# New here



## lancemanly424 (Sep 4, 2014)

Hey what's up my name is Carl and I'm 25. I recently started riding about years ago. Although I live in Atlanta at the moment I lived out in Summit Co, Colorado for a year and shredded out there every day. I miss every second of it. I got one day in over at Sugar Mtn in NC.
I'm glad I found this forum cause I definitely want to keep shredding and improving myself.
Oh and I ride on a 2013 Capita DoA FK with Union Force bindings.


----------



## Pigpen (Feb 3, 2013)

Welcome sir!
This forum is great, and just about everyone is very helpful!

Oh, go Falcons! (Minnesota here, but love thy Falcons)


----------



## Manicmouse (Apr 7, 2014)

Welcome Carl!


----------



## SnowDragon (Apr 23, 2012)

Ouch!
It's painful to hear of a snowboarder who moved from Colorado to Atlanta.

Best of luck, and welcome aboard.


----------



## slyder (Jan 18, 2010)

Welcome my nephew lives in Marietta (spelling?) We love visiting Atl tons of stuff to do, great food, love the highway like 6 lanes wide and 90mph it's insane driving there. Better than around Chi-town. 

Glad you able to keep riding even though your in the wrong part of the country.

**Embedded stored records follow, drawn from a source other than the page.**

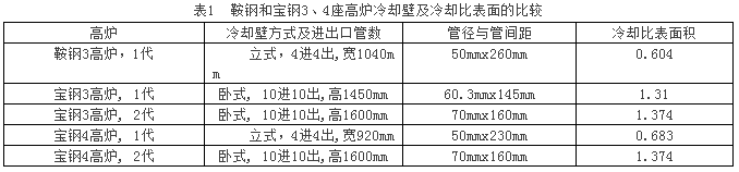是什么原因造成這么大的差別?寶鋼3、4高爐其操作水平、冶煉強度、用料結(jié)構(gòu)及穩(wěn)定性、施工質(zhì)量等可以說應(yīng)當(dāng)是相同的,國內(nèi)外屬一流,也找不出不足之處。差在什么地方?表1中列出三座高爐的冷卻壁結(jié)構(gòu)及冷卻比表面積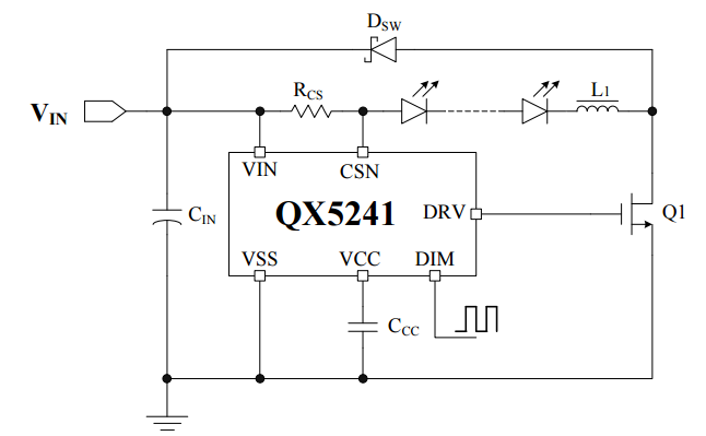 QX5241是通過外接一個電阻設定輸出電流,最大可達3A,通過DIM引腳實現輝度控制功能。并采用泉芯特有的專利結構,在寬輸入電壓范圍下,保證電流檢測達到±5%的電流精度,由于采用滯環控制方式,QX5241對負載瞬變具有非常快的響應速度,對輸入電壓具有高的抑制比,最高工作頻率可到2MHz,工作溫度范圍從-40℃到125℃.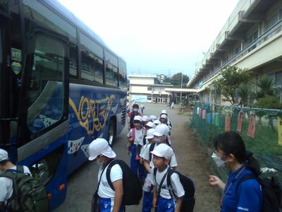 バス 清掃センター見学4年生①1組出発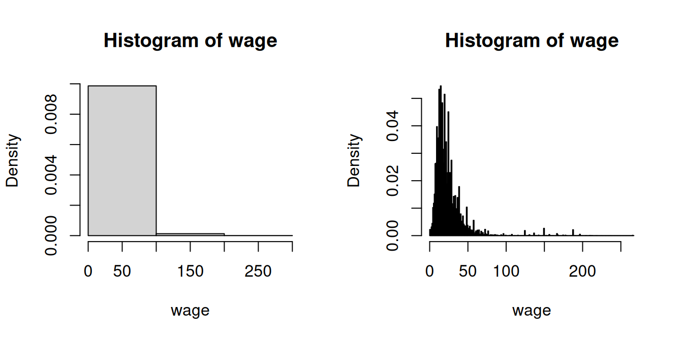 Running hist(wage, probability=TRUE) automatically selects a suitable number of bins B. Note that hist(wage) will plot absolute frequencies instead of relative ones. The shape of a histogram depends on the choice of B. You can experiment with different values using the breaks option: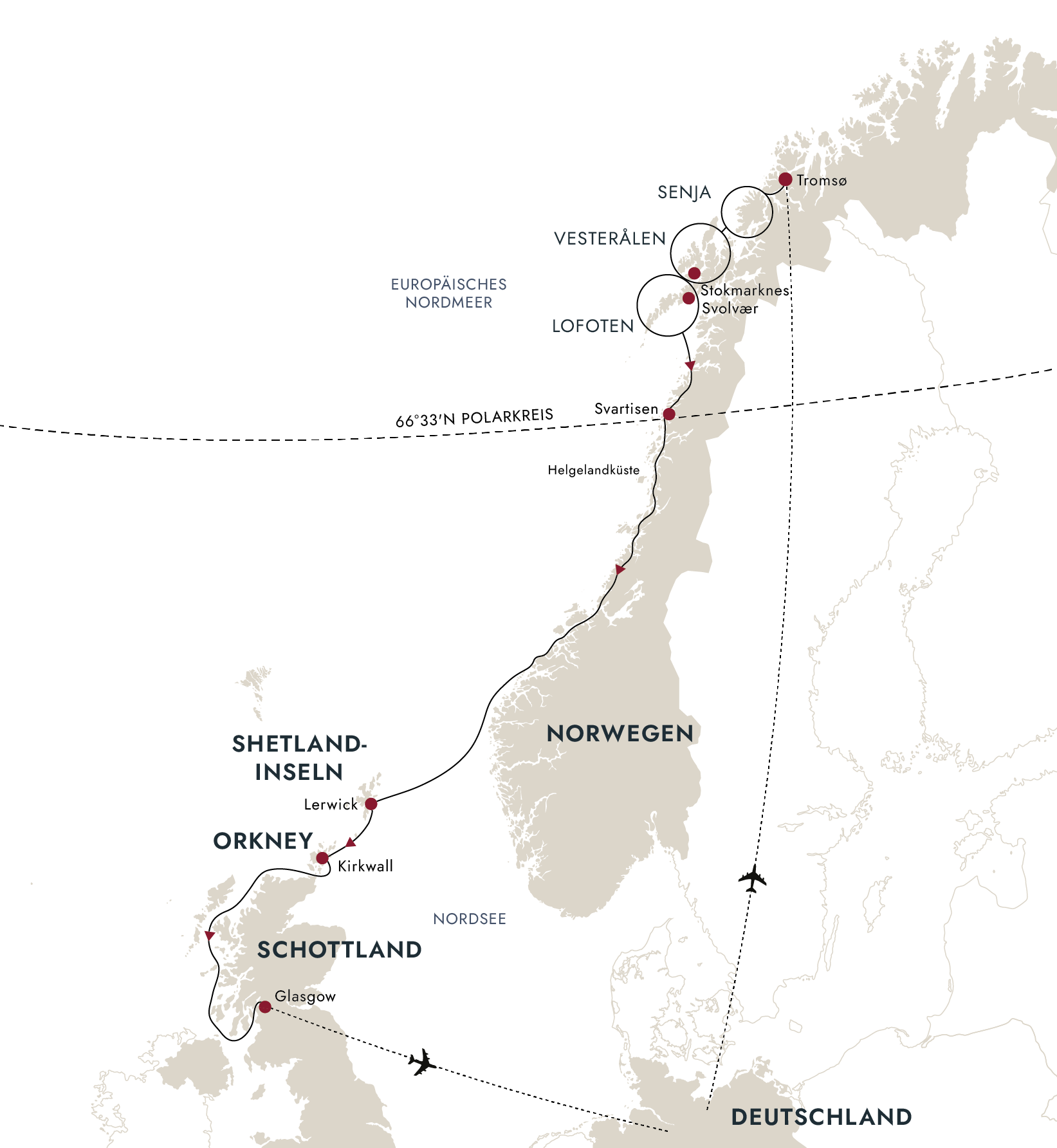 Flug in der Economy Class von Deutschland nach Tromsø und von Glasgow nach Deutschland inklusive aller Steuern, Rail & Fly hin und zurück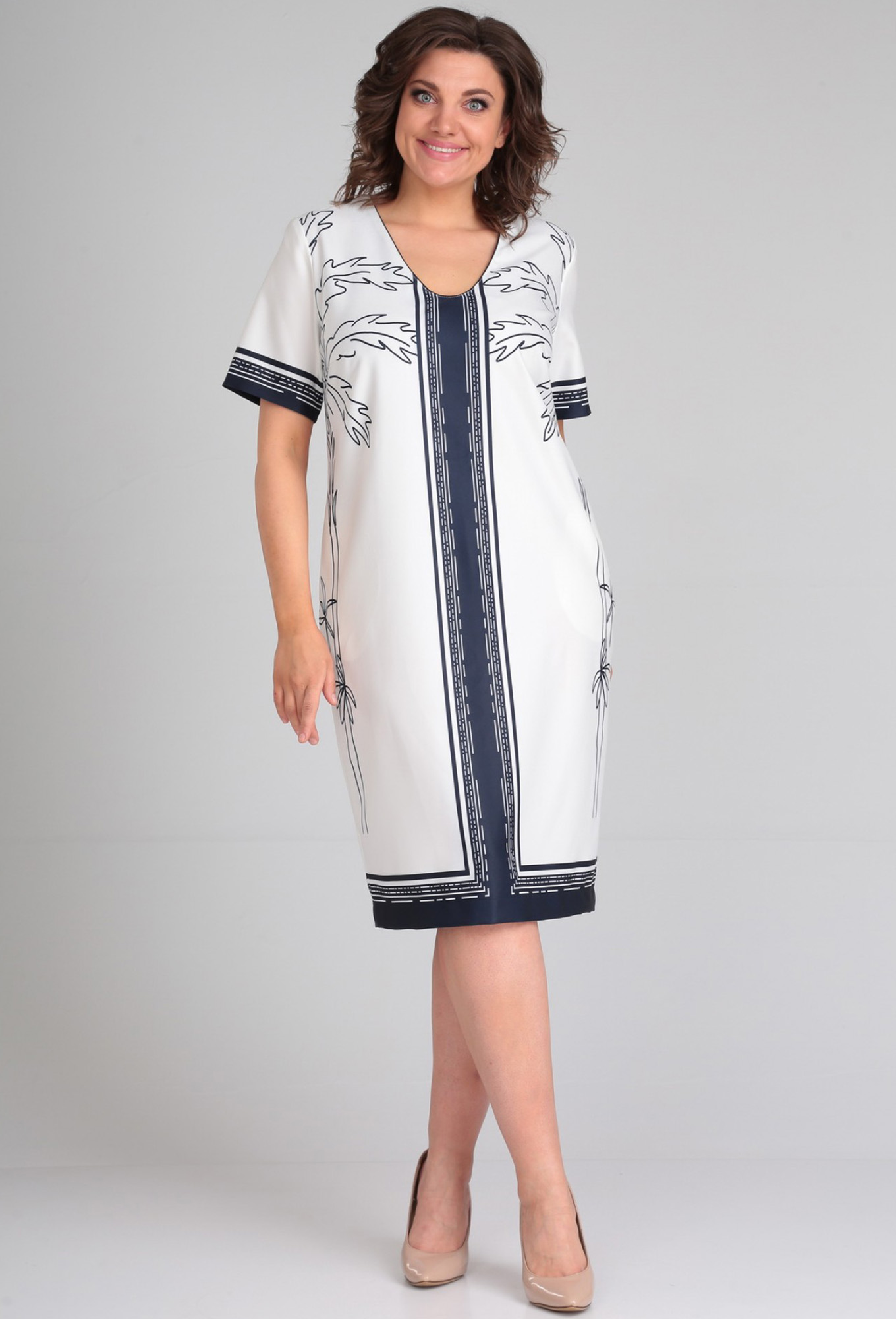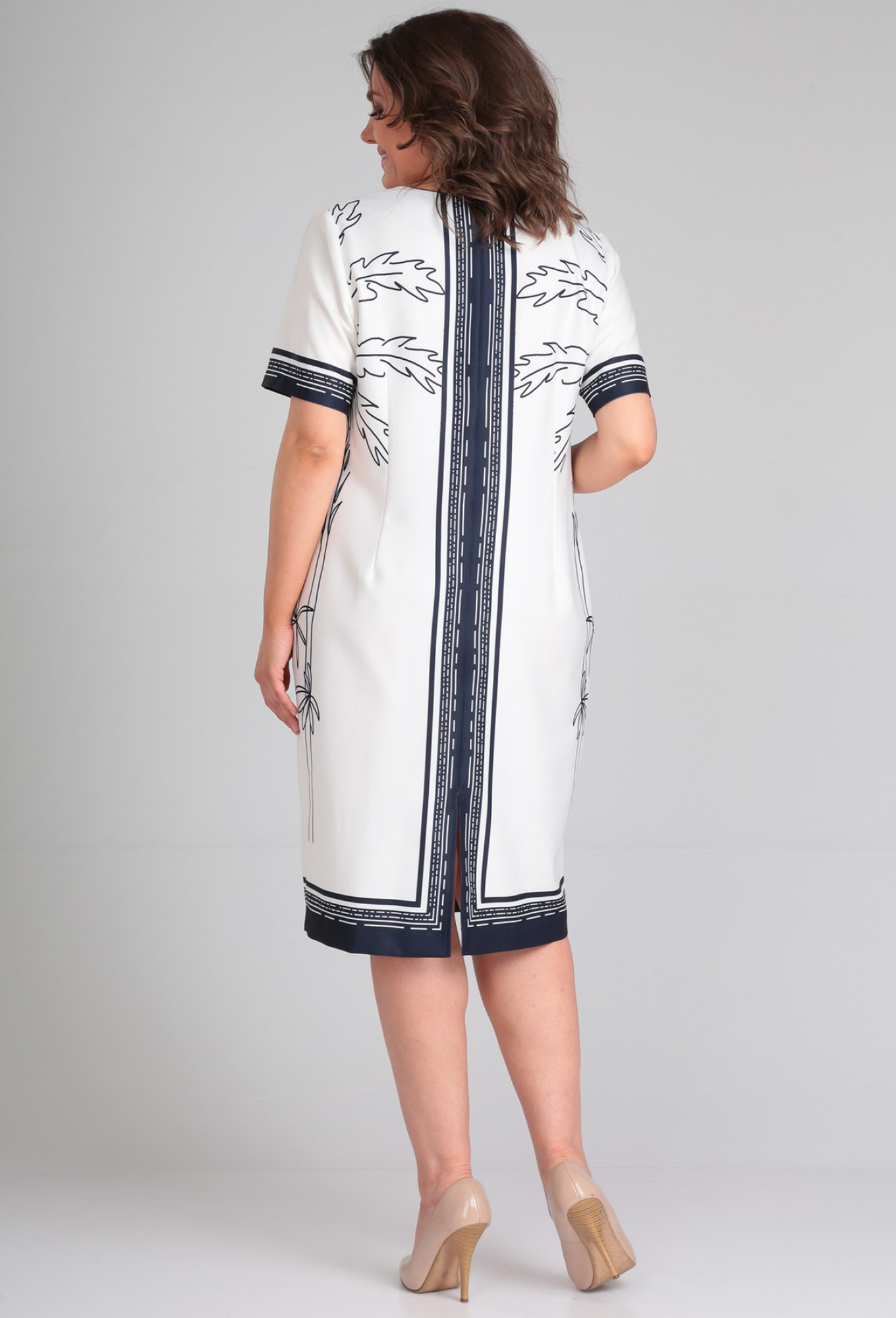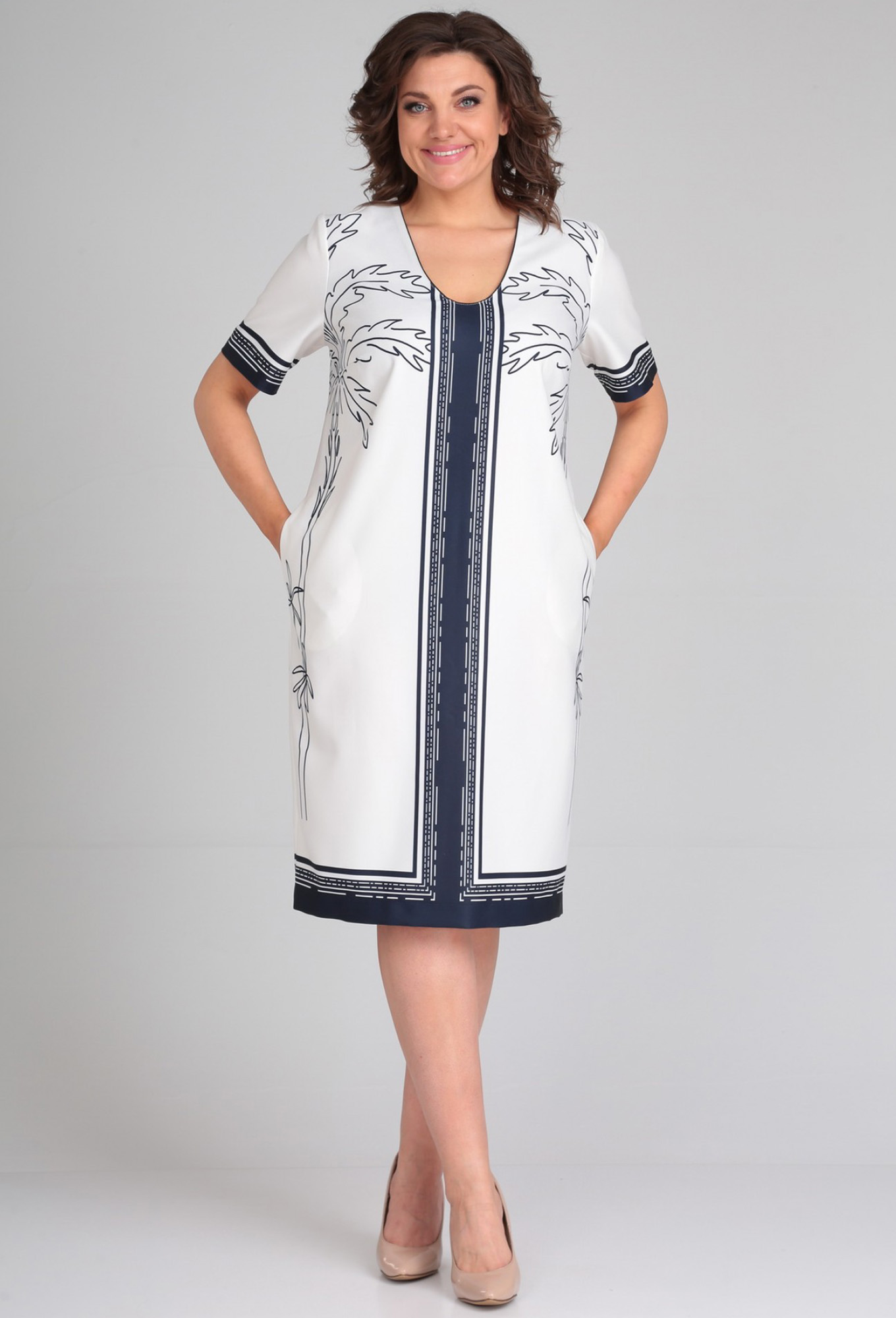 Платье женское полуприлегающего силуэта. Перед с нагрудными вытачками. Спинка с талиевыми вытачками и средним швом по низу которого обработан разрез. Горловина V-образной формы с кантом из отделочной ткани. Рукав втачной одношовный короткий. В боковых швах обработаны карманы. Ткань с декоративным рисунком.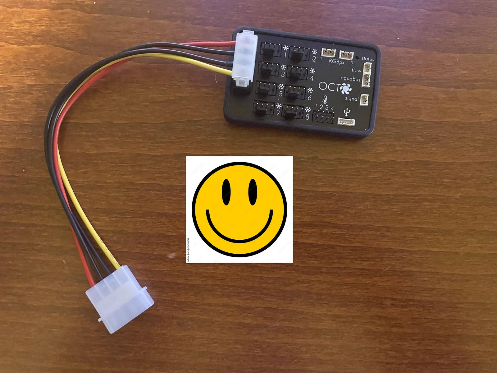 I considered SATA to Molex adapters but Aquacomputer put Molex power connectors on the Octo and the Farbwerk360 because the Molex connector has a higher maximum current and power rating than a SATA power connector. Both of these devices can pull a lot of current - the Octo has to handle 8 PWM ports at 2A each, and 4 RGBpx ports that could have up to 90 LEDs connected to each. The Farbwerk360 also has 4 RGBpx ports and can pull up to 8A on the 5V rail. I think a SATA power connector is limited to 4.5A on the 5V rail. In reality my loads would not hit these maximums so it would probably be fine. I am also considering how the various loads (pump, 2 x Farbwerk360, Octo, 2 x Hubby7 and an NZXT internal USB hub, 2 Corsair Lighting Node Cores,7 RGB fans, 2 USB powered internal stat displays, 756 LEDs, and several PCIE SSD drives) is distributed across the various outputs of my PSU. It adds up!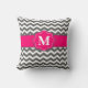 Grey Hot Pink Chevron Monogram Pillow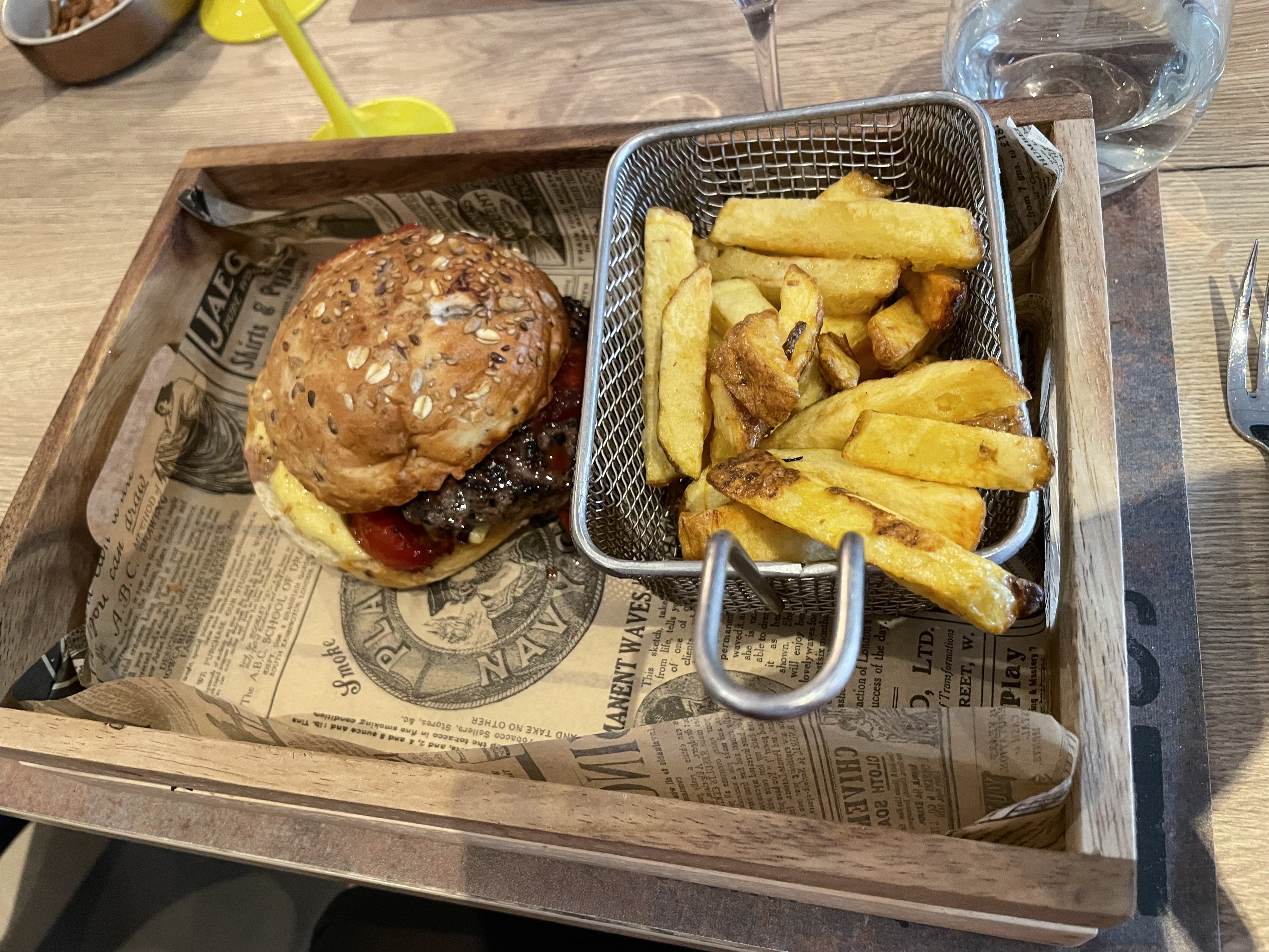 Accueil très sympathique, un hamburger canard ( cuit rosé parfait) avec foie gras un régal et presque trop copieux. Je recommande vivement pour un prix qui correspond à la qualité.
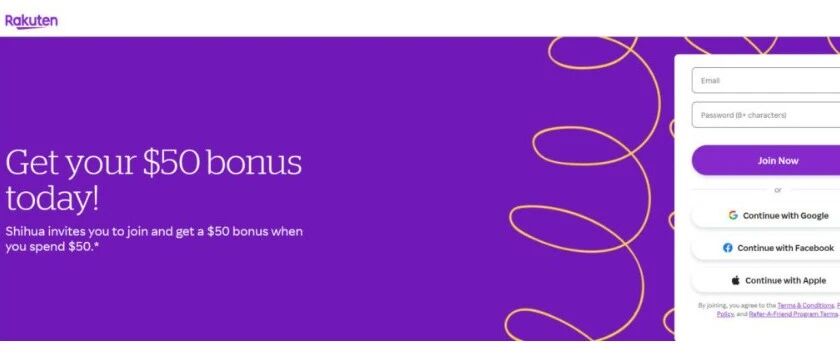 Rakuten 注册链接($50 注册奖励;需 90 天内通过返现网的链接,在商家花至少 $50)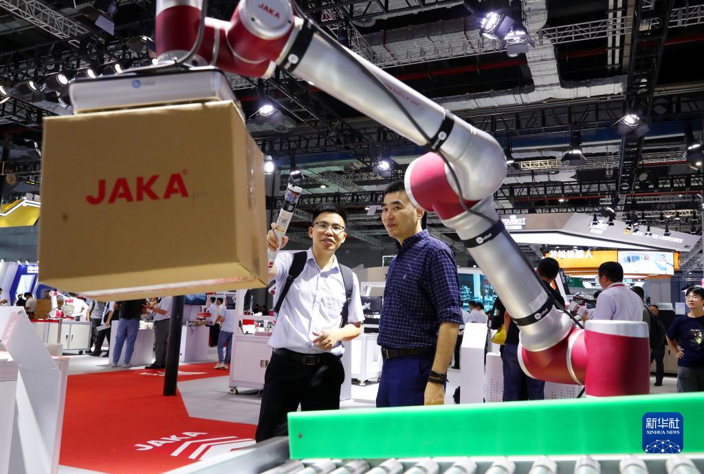 9月19日,參觀(guān)者在一個(gè)進(jìn)行搬運作業(yè)演示的機器人旁交流討論。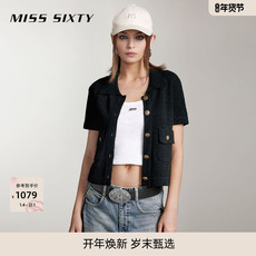 Miss Sixty针织外套女翻领静奢气质小香风短袖优雅短款上衣开衫

Life's paths...Next time snap some pics to share when you get a chance to ride again. NC is probably worse the the Midwest but hey, any time on the board is a good time.


----------



## Argo (Feb 25, 2010)

It's way easier to keep living in the mountains..... More conducive to the snowboarding lifestyle too.


----------



## lancemanly424 (Sep 4, 2014)

Thanks for the warm welcome! Ya i constantly dream about going back up there (which i will this season). I grew up in Atl and moved out to Co to live with my dad for a while. I was born in Wyoming so i grew up to skiing but once i strapped in i was hooked and snowboarding immediately took over.


----------